I'm a bot! I can only do what humans tell me to, so if this was not helpful or you have suggestions for improvements, please ping or otherwise contact @TimNN. (Feature Requests)

the8472 · 2020-01-22T10:10:36Z

Note that since this only checks size_hint once at the start it may
end up needing to call reserve more in the case that size_hint
returns a larger and more accurate lower bound during iteration.

It's worse than that. The current implementation takes one element from the iterator and then queried for a size_hint, this PR takes the size_hint first. The standard library contains iterators that initially can't provide a size hint at all and only provide better ones as you iterate, perhaps even only later down the road.

The btree range iterators and flattening iterators would be such examples.

let mut flat = vec![vec!['b'; 1], vec!['c'; 1_000_000]].into_iter().flatten();
dbg!(flat.size_hint());
flat.next();
dbg!(flat.size_hint());
flat.next();
dbg!(flat.size_hint());

[src/main.rs:7] flat.size_hint() = (
    0,
    None,
)
[src/main.rs:9] flat.size_hint() = (
    0,
    None,
)
[src/main.rs:11] flat.size_hint() = (
    999999,
    Some(
        999999,
    ),
)

I don't think this is currently covered by benchmarks, so the drawbacks of one case are easily missed over the advantages in another case.

the8472

Have you run the whole battery of vec benchmarks and done a before/after comparison, e.g. via cargo benchcmp?

the8472 · 2020-01-22T21:05:09Z

src/liballoc/vec.rs

+        self.reserve(lower);
+        loop {
+            let cap = self.capacity();
+            let result = iterator.by_ref().try_fold((), |(), element| {


you can use try_for_each which takes a reference (so no by_ref needed) and doesn't require an element to fold through.

Until #46477 is fixed you probably should replace the closure by passing a free function instead (such as #62429 did for iterators). I think that's what @Mark-Simulacrum meant.

you can use try_for_each which takes a reference (so no by_ref needed) and doesn't require an element to fold through.

try_for_each just forwards to try_fold for Chain (same for most other iterators). I wanted to avoid getting the optimizer tripping up as much as possible as I have not seen any improvements so far.
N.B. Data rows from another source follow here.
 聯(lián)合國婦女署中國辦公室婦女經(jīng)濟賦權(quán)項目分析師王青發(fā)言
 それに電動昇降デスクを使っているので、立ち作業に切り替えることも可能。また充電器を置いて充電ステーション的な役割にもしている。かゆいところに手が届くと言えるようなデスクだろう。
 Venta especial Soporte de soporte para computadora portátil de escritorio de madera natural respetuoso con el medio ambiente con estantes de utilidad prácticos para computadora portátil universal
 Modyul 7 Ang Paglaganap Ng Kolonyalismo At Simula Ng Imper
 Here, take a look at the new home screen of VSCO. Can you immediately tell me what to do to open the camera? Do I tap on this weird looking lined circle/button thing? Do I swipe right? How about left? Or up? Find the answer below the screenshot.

try_fold also only takes a &mut so by_ref should definitely be removed as I just saw that Iterator for &mut T is unable to forward try_fold and friends due to object safety ~~which I means I were just using the default implementation for try_fold, easily explaining why I am not seeing any improvement for chained iterators...~~ by_ref() shouldn't affect anything in this case actually. The correct try_fold should still be selected as it would require calling try_fold on a &mut &mut T to get the wrong one.
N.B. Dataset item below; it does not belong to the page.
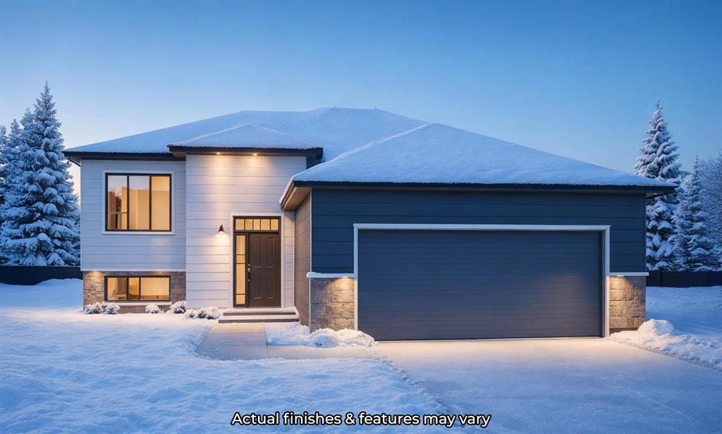 Absolutely AWESOME 1159 SqFt 3 bedroom/2 bath bilevel home on Evergreen Blvd in Tyndall MB! This home will be built on piles & will feature a 10 year new home warranty. As you enter the plan, you'll be greeted by a large drop foyer w/large coat closet & access to the 22x22 double-attached garage. The main floor plan offers 9ft ceilings, loads of windows that let in a ton of natural light, LED potlights, luxury vinyl plank flooring & a family-sized living room (perfect for entertaining)! The eat-in kitchen boasts a large island, soft close cabinets, corner pantry, dining area & garden door access to the backyard. Down the hall you'll find the large 2nd & 3rd bedrooms, a full 4-pc bathroom & the spacious primary bedroom w/large walk-in closet & 3-pc ensuite bathroom w/3/4-height acrylic shower! WOW! Call today for more info & customize this home the way you want!
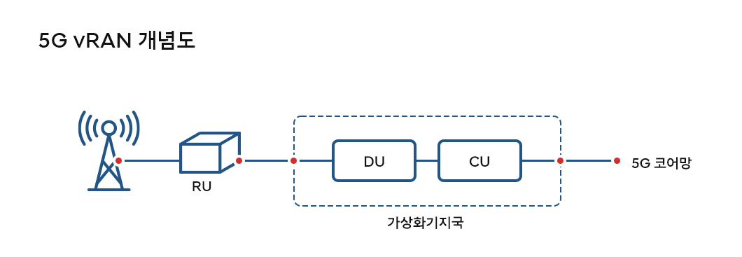 가상화기지국(이하 vRAN, virtualized Radio Access Network)은 기지국 접속망 장비(RAN)*의 다양한 네트워크 기능을 소프트웨어 형태로 탑재하는 기술이다. 마치 컴퓨터에 소프트웨어를 설치하듯 일반적인 서버에 다양한 네트워크 기능들을 설치해 기지국 관리에 드는 물리적 시간과 비용을 절감할 수 있는 점이 특징이다. 이를 통해 이통사와 장비사들은 4G 네트워크 보다 많은 기지국 장비를 구축해야 하는 5G 기지국 관리 작업도 규모감 있고 신속하게 처리할 수 있다.

This might be fixable with some specialization at least #68472

Until #46477 is fixed you probably should replace the closure by passing a free function instead (such as #62429 did for iterators). I think that's what @Mark-Simulacrum meant.

Yeah, should do that. Was just trying to get an actual benchmark showing that this was an improvement first :/

the8472 · 2020-01-22T21:07:14Z

src/liballoc/vec.rs

-                // NB can't overflow since we would have had to alloc the address space
-                self.set_len(len + 1);
+        let (lower, _) = iterator.size_hint();
+        self.reserve(lower);


This still has the issue of trying to reserve before advancing the iterator. taking an element and then checking the hint and capacity is strictly better because the hint will be more accurate and if you take a None you can skip the hint calculation and reserve attempt.
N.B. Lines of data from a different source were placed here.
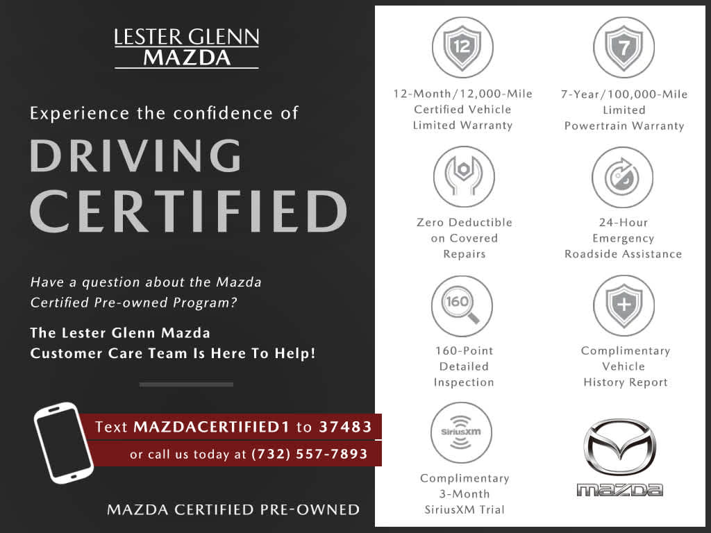 AutoCheck One Owner 160-point Inspection and Reconditioning by factory-trained technicians. Each Mazda Certified Pre-Owned vehicle is covered by any remaining portion, with no deductible on covered repairs. For Mazda CPO vehicles that are no longer covered by the, New Vehicle Limited Warranty, the CPO Limited Vehicle Warranty takes effect at time of purchase. 7-year/100,000-mile Limited Powertrain Warranty for additional peace of mind, 24-hour Roadside Assistance included during the warranty period and Extended Coverage Available, Every vehicle includes a free AutoCheck Vehicle History Report, Mazda Certified Warranties are transferable should you sell your vehicle, 3-month SiriusXM Satellite radio trial is included for all vehicles equipped with satellite radio
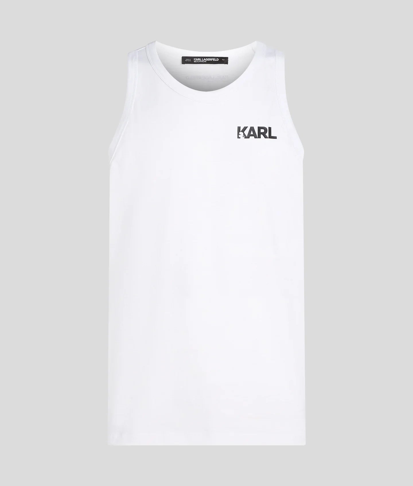 An ultra-lightweight beach tank top featuring a comfortable sleeveless design and a classic crew neck. The prominent KARL logo at the chest adds a statement touch, perfect for sunny days by the water.
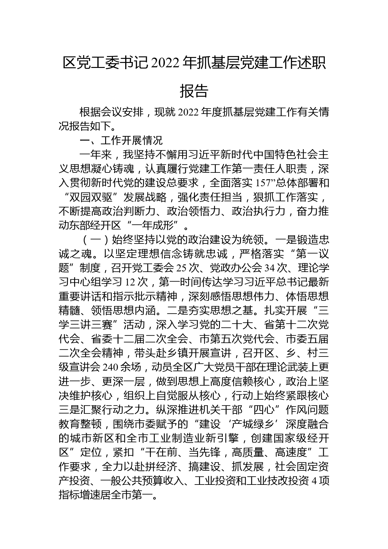 區(qū)黨工委書(shū)記2022年抓基層黨建工作述職報(bào)告VIP免費(fèi)
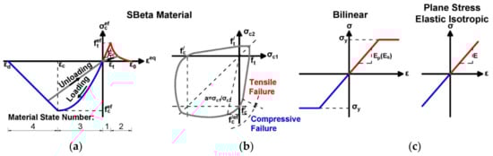 The applied SBeta constitutive model of concrete includes twenty material parameters. The parameters used were assigned according to ATENA 2D software guidelines for finite element analysis. The formulation of constitutive relations was considered in the plane stress state. The stress–strain curves of individual modelled materials can be seen in Figure 13. A more detailed description of the used SBeta constitutive model is presented in [29].
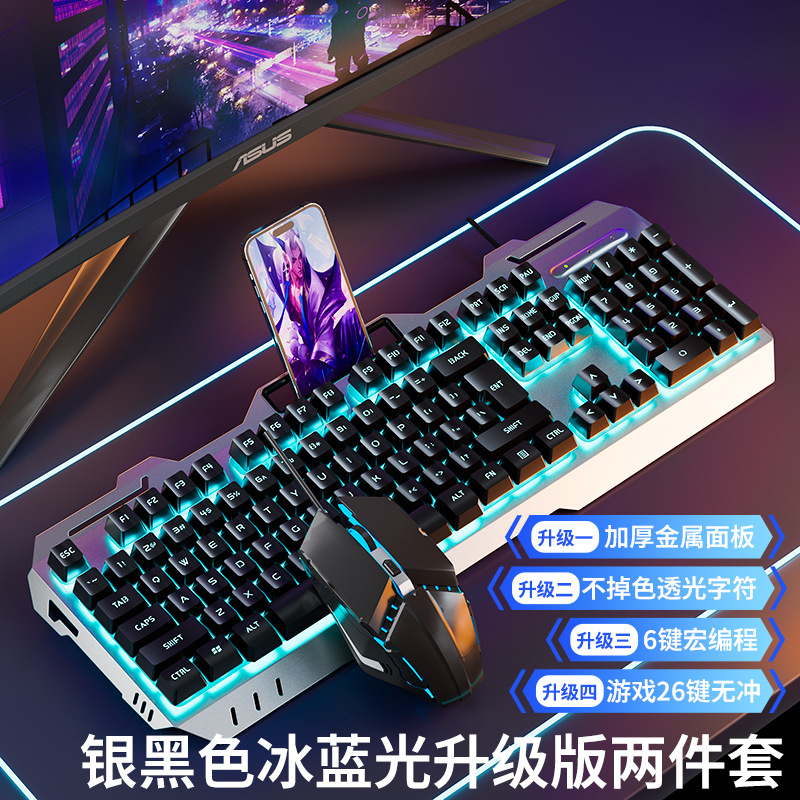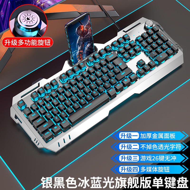 • 메탈 기계식 느낌 - 게임 전용 - 실버 블랙 아이스 블루 라이트 [얼티밋 에디션] + G9 매크로 마우스 - 아니요 - 104 키 - 공식 표준

The benefit is that it avoids calling next at all. While the hint should be more accurate by calling next it would also be even more accurate if we called next twice so I don't quite buy that argument. Calling next once would give a fast path for the empty iterator at least which I find a more convincing argument, however it is only a benefit if size_hint(); reserve(0) is slow enough to warrant this fast path.

Pushed another variant which does next first which should optimize better for the empty iterator. Haven't got time to benchmark it yet.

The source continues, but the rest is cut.